Now I will do my last post of the holidays. I will start with the limit rules. The limit rules are:
1) if the highest exponent is the same on the top and bottom then the limit is the top coefficient over the bottom coefficient of the highest exponents.
2) If the highest exponent is on the top then the limit is infinity.
3) But if the highest exponent is on the bottom then the limit is 0.
Some examples are:
lim->infinity (5x^2-2x)/(4x^2+4x-1) Then the limit is 5/4 because it follows rule 1.
lim->infinity (x^3+6)/(7x^2-3) Then the limit is infinity because it follows rule 2.
lim->infinity (2x^4-6)/(5x^6+7x+9) Then the limit is 0 because it follows rule 3.
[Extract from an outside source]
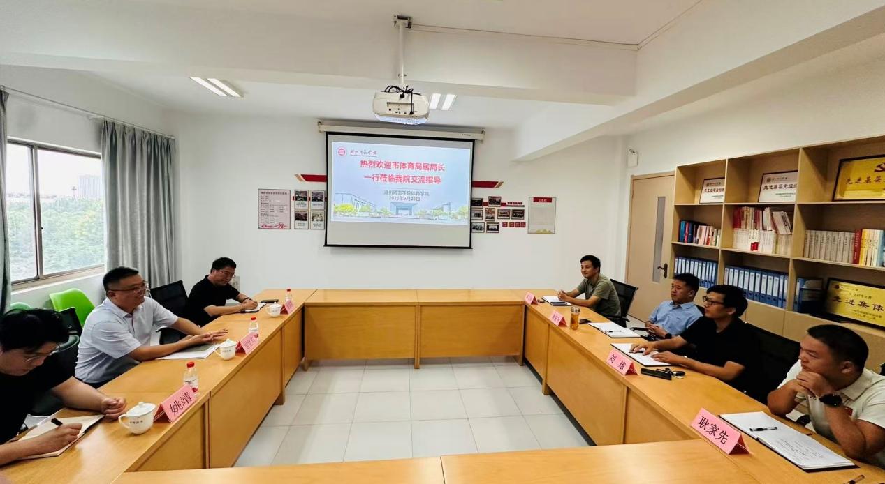 9月23日下午,市体育局副局长居世宾、市体校副校长崔国强、体育产业与竞赛指导中心副主任姚靖来学院交流。学院党委书记章东飞、执行院长刘炼、副院长耿家先及教师代表参加会议。

Next I will explain linearization. The steps for working linearization problems are:
1. Identify the equation
2. Use the formula f(x)+f ' (x)dx
3. Determine your dx in the problem
4. Then determine your x in the problem
5. Plug in everything you get
6. Solve the equation
Finally I will talk about the trig inverse intergration formulas. The trig inverse integration formulas are: (sr=square root)
1. S du/sr(a^2-u^2)=-1/sr(u)arcsin u/a +C
2. S du/a^2+u^2=1/du(a)arctan u/a +C
3. S du/u sr(u^2-a^2)=1/du(a)arcsec lul/a +C
For another question I have is instantaneous and average speed. I seem to have lost my notes on this so I cannot review on how to do this.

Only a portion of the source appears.